## What needs to be done
Print the data once more, exactly as given. Drop the pictures.

## Supplied information
↓↓↓

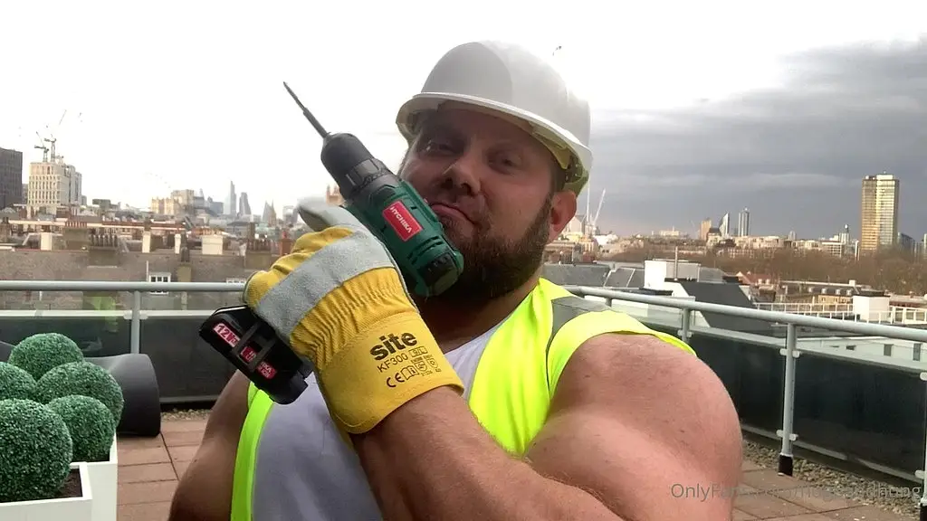 Early morning muscle flex on site before I start my job! Watch me flex my muscles with a city view! Bending iron, getting a real pump on! Then measuring my muscles.
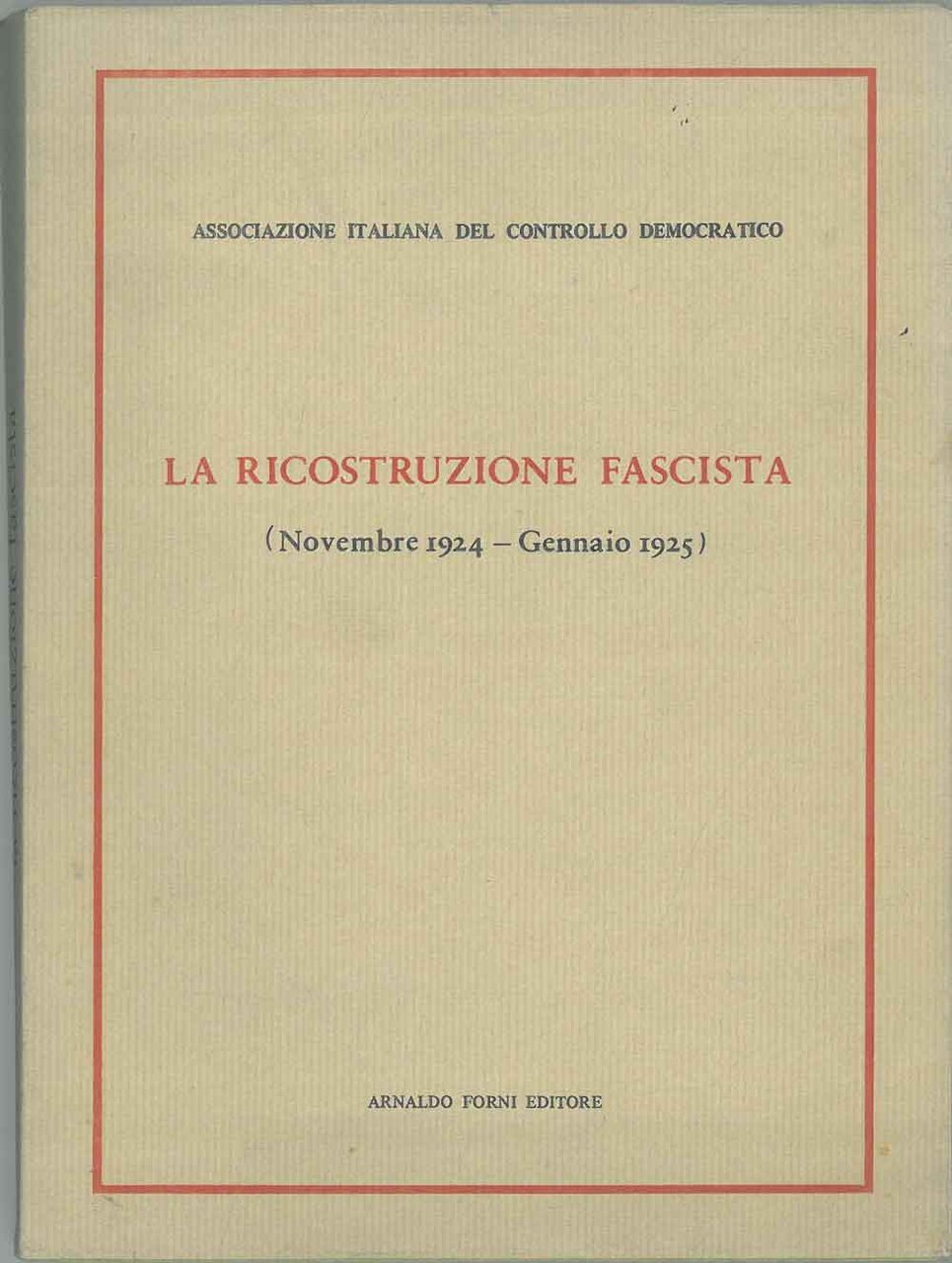 La ricostruzione fascista (Novembre 1924 - Gennaio 1925). Ristampa anastatica
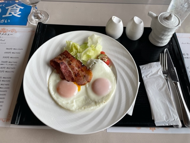 私は少し前に到着し、ベーコンエッグを食しながら、独りミーティング。H.Kさんは打球場へと向かわれました。

↑↑↑

## Exercise answer
 Early morning muscle flex on site before I start my job! Watch me flex my muscles with a city view! Bending iron, getting a real pump on! Then measuring my muscles.
 La ricostruzione fascista (Novembre 1924 - Gennaio 1925). Ristampa anastatica
 私は少し前に到着し、ベーコンエッグを食しながら、独りミーティング。H.Kさんは打球場へと向かわれました。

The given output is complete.